The difference is the coupling mode. Indirect coupling (queuing) degrades gracefully. Direct coupling (destruction) degrades catastrophically under distributed coordination.

This is why WiFi 6 moved toward centralized scheduling — to escape the trap Prediction 1 identifies.

Test Case: Why Does TCP Scale But WiFi Doesn’t?

TCP

  • Shared resource? Yes — bottleneck link capacity
  • Coupling: indirect — packets queue behind each other. Time is wasted (queuing delay), but nothing is destroyed
  • Coordination: distributed (AIMD)

Result: TCP scales. Adding flows reduces per-flow throughput but doesn’t destroy packets. Queuing is wasteful but not destructive.

WiFi (802.11 DCF)

  • Shared resource?
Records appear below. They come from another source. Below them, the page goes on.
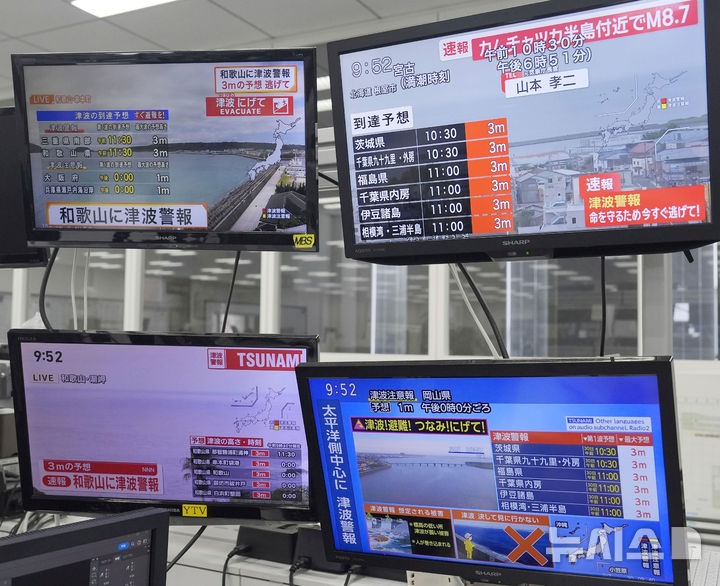 [오사카=AP/뉴시스] 30일(현지 시간) 러시아 캄차카반도 인근 해상에서 강진이 발생해 일본 일부 지역에 쓰나미 경보가 발령된 가운데 오사카의 TV에서 쓰나미 경보 속보를 전하고 있다. 2025.07.30.
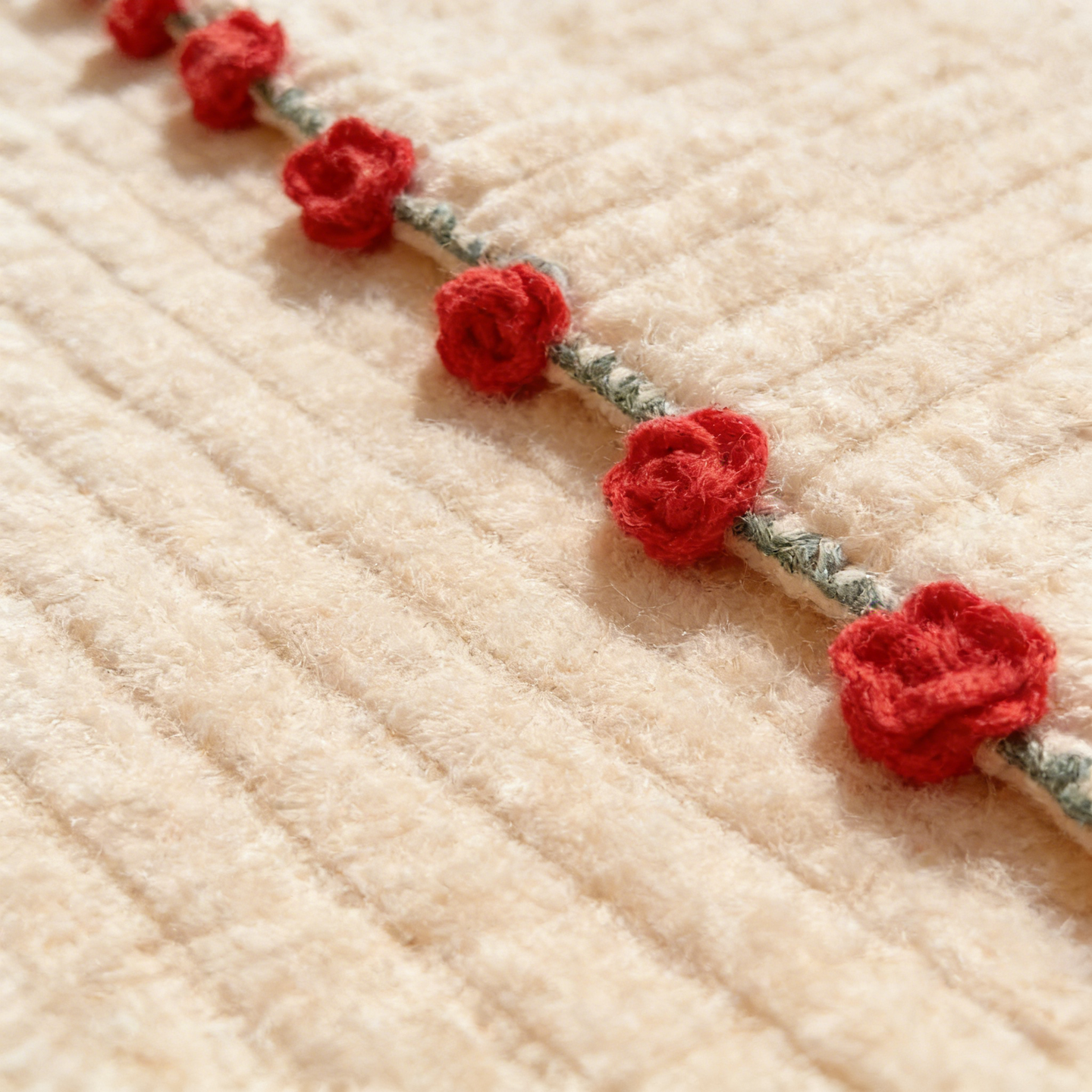 Craftsmanship: Full circle triangular stitch + full circle handmade roses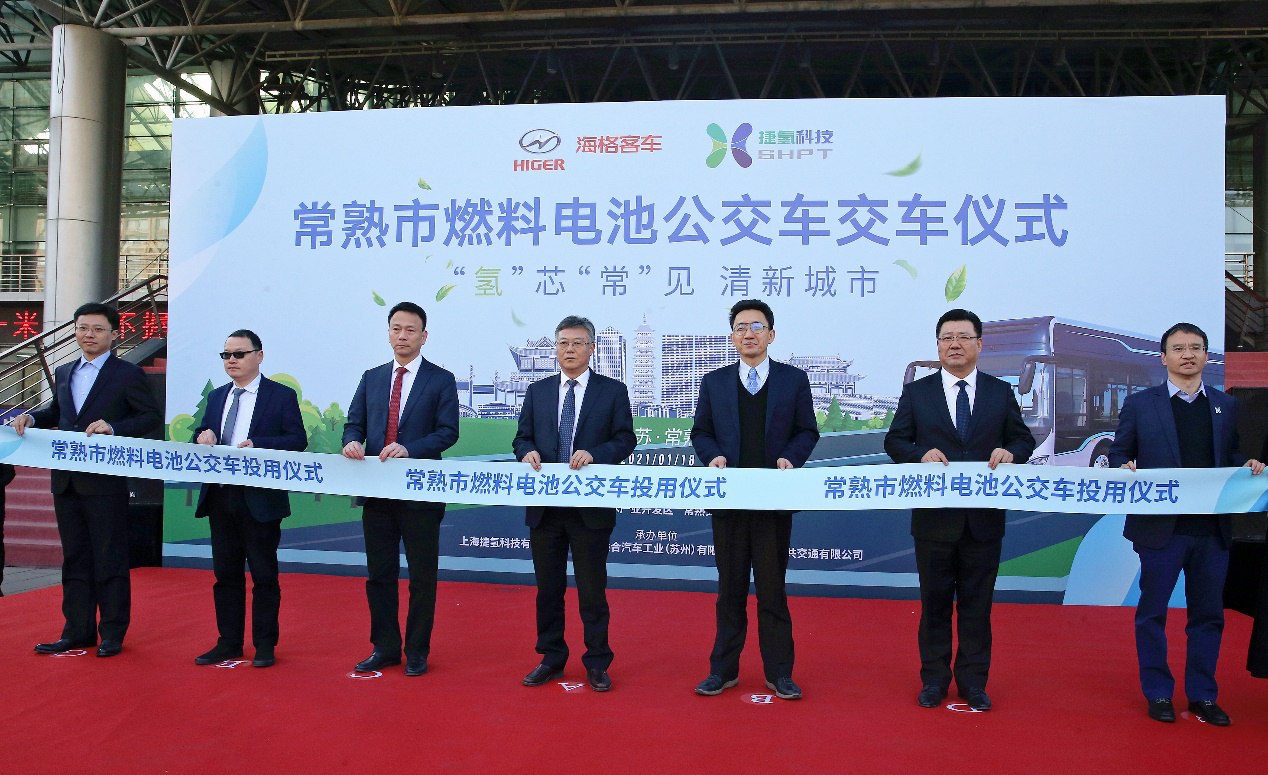 2021年1月18日,由常熟高新技术产业开发区、常熟交通运输局主办的“‘氢’芯‘常’见 清新城市 常熟市燃料电池公交车交车仪式”在常熟国际展览中心举行,16辆苏州金龙海格氢燃料电池公交车正式交付常运公共交通有限公司(简称“常运公交”)。这是继2020年初常运公交采购20辆海格蔚蓝氢燃料电池公交投入商业化运营后的再次批量采购。该批氢能公交由苏州金龙与上汽集团子公司上海捷氢强强联手,投入运营后将助推常熟氢燃料公交事业发展再上新台阶,凸显长三角氢走廊建设推进的聚能效应。

Yes — radio channel
  • Coupling: direct — simultaneous transmissions on the same frequency destroy both frames
  • Coordination: distributed (CSMA/CA)

Result: WiFi does not scale. In a dense lecture hall with 200 laptops, throughput per station collapses.

The nature of coupling — indirect (queuing) vs. direct (destructive interference) — determines whether distributed coordination can scale.

Prediction 2: Pressure-Driven Restructuring

Environmental Shifts → Most-Pressured Invariant Restructures First

The prediction: When environmental constraints shift, the invariant under greatest pressure tends to restructure first — and the change propagates through the dependency graph.

Shift Pressured invariant Restructuring
Bandwidth scaling (Gbps links) State — loss signal arrives too late on high-BDP paths Cubic: cubic growth function instead of linear
Datacenter RTT collapse (microseconds) State — need earlier congestion signal than loss DCTCP: ECN marks replace loss as measurement signal
Hardware programmability Time — decisions must happen at line rate Transport offload to SmartNICs

The test: can the framework identify the restructuring point before seeing the redesign?

Test Case: TCP to BBR — A State Redesign

Constraint shift: high bandwidth-delay product (BDP) paths — 10+ Gbps, 50–200ms RTT. The pipe can hold 100+ MB of data in flight.

What broke: loss-based TCP (Reno, Cubic) fills buffers until a packet drops, then halves the window. On high-BDP paths with large buffers, TCP overshoots massively before getting a signal.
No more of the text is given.